RPC (Remote Procedure Call) and RMI (Remote Method Invocation) are the mechanisms that enable a client to invoke the procedure or method from the server through establishing communication between client and server. The common difference between RPC and RMI is that RPC only supports procedural programming whereas RMI supports object-oriented programming.
RMI uses an object-oriented paradigm where the user needs to know the object and the method of the object he needs to invoke. In comparison, RPC isn’t object-oriented and doesn’t deal with objects. Rather, it calls specific subroutines that are already established.
Remote Procedure Call (RPC) –
RPC (Remote Procedure Call) is a programming language feature devised for distributed computing and based on the semantics of local procedure calls. It is the most common forms of remote service and was designed as a way to abstract the procedure call mechanism to use between systems connected through a network. It is similar to the IPC mechanism where the operating system allows the processes to manage shared data and deal with an environment where different processes are executing on separate systems and necessarily require message-based communication.
Remote Method Invocation (RMI) –
RMI (Remote Method Invocation) is similar to RPC but is language-specific and a feature of java. A thread is permitted to call the method on a remote object. To maintain the transparency on the client and server-side, it implements remote objects using stubs and skeletons. The stub resides with the client and for the remote object, it behaves as a proxy.

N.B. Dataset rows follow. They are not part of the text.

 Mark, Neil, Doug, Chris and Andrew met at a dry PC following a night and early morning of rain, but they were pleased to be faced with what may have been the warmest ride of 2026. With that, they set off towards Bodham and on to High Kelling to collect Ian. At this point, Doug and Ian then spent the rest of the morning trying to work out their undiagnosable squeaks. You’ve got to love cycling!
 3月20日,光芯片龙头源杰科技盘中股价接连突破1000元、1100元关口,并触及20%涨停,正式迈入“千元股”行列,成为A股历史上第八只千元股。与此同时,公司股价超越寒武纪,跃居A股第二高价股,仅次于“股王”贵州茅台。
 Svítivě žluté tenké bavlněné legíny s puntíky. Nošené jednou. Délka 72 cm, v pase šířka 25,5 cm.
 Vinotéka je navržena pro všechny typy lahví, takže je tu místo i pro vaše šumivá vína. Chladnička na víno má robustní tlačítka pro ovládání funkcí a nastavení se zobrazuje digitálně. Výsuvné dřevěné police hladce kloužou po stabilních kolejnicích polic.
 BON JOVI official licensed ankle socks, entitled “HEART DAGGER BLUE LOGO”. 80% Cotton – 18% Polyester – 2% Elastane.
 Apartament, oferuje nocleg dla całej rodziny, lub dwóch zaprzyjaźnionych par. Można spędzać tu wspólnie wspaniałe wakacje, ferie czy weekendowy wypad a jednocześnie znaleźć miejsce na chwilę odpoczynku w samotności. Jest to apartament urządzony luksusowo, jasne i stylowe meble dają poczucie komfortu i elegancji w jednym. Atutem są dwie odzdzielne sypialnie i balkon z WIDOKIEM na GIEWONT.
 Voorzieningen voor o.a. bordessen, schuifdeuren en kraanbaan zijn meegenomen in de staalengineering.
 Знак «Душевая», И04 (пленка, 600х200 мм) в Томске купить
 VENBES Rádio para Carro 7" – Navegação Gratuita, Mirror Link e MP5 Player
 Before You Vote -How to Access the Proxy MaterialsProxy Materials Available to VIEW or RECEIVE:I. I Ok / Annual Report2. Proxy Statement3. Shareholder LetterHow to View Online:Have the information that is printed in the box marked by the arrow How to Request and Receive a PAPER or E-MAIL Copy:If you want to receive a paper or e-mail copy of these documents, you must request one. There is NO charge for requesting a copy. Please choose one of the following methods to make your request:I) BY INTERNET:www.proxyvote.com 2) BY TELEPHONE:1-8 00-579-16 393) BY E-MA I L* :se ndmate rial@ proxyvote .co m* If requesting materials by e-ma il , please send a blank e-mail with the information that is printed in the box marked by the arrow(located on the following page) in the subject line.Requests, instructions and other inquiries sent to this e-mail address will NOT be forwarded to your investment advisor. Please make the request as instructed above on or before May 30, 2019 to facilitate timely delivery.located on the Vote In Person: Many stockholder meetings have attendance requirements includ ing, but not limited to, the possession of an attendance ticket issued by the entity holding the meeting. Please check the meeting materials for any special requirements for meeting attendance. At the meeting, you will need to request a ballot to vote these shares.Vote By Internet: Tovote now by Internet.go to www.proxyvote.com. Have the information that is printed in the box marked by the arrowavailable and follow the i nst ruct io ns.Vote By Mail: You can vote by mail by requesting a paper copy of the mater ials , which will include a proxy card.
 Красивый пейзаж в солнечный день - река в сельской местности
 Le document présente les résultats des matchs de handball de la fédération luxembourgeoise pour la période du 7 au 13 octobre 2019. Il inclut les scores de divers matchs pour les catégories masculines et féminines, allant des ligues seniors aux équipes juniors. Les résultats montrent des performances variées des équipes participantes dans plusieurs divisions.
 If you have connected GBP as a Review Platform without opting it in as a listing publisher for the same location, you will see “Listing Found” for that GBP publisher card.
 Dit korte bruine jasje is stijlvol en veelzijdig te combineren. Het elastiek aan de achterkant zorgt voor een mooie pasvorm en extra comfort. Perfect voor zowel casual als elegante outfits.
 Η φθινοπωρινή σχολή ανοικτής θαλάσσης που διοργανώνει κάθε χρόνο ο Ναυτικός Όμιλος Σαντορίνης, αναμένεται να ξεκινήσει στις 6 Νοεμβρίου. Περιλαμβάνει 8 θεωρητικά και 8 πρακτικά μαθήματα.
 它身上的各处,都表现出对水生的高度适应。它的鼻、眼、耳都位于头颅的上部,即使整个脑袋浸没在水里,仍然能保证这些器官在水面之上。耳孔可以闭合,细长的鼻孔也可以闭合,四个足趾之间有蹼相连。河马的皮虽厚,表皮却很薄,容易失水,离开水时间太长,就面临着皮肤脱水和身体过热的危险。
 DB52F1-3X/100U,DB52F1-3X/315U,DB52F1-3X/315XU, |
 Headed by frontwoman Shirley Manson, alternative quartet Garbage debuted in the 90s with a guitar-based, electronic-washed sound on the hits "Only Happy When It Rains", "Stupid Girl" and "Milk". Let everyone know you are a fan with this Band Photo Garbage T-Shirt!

Key Differences between RPC and RMI –
RPC and RMI both are similar but the basic difference between RPC and RMI is that RPC supports procedural programming; on the other hand, RMI supports object-oriented programming.
- RPC is a relatively old protocol that is based on the C language, thus inheriting its paradigm; it is an OS-dependent platform.
- RMI supports object-oriented programming paradigms and is java based.
- With RPC, people get a procedure call that looks pretty much like a local call.
- RMI does the very same thing; handling the complexities of passing along the invocation from the local to the remote computer.
- RPC handles the complexities involved with passing the call from the local to the remote computer.
- But instead of passing a procedural call, RMI passes a reference to the object and the method that is being called.
- The parameters passed in RPC must be “in-out” which means that the value passed to the procedure and the output value must have the same datatypes.
- In contrast, there is no compulsion of passing “in-out” parameters in RMI.
- The parameters which are passed in RPC are ordinary or normal data.
- While in RMI, objects are passed as parameters.
- RPC only supports procedural programming.
- RMI supports object-oriented programming.
- RPC does not provide any security, and its development cost is huge.
- RMI provides client-level security, and its development cost is fair or reasonable.
- There is multiple codes are needed for simple applications in RPC.
- While there is multiple codes are not needed for simple applications in RMI.
Both RPC and RMI serve the same purpose but are used in languages that support different programming paradigms, therefore have distinct features.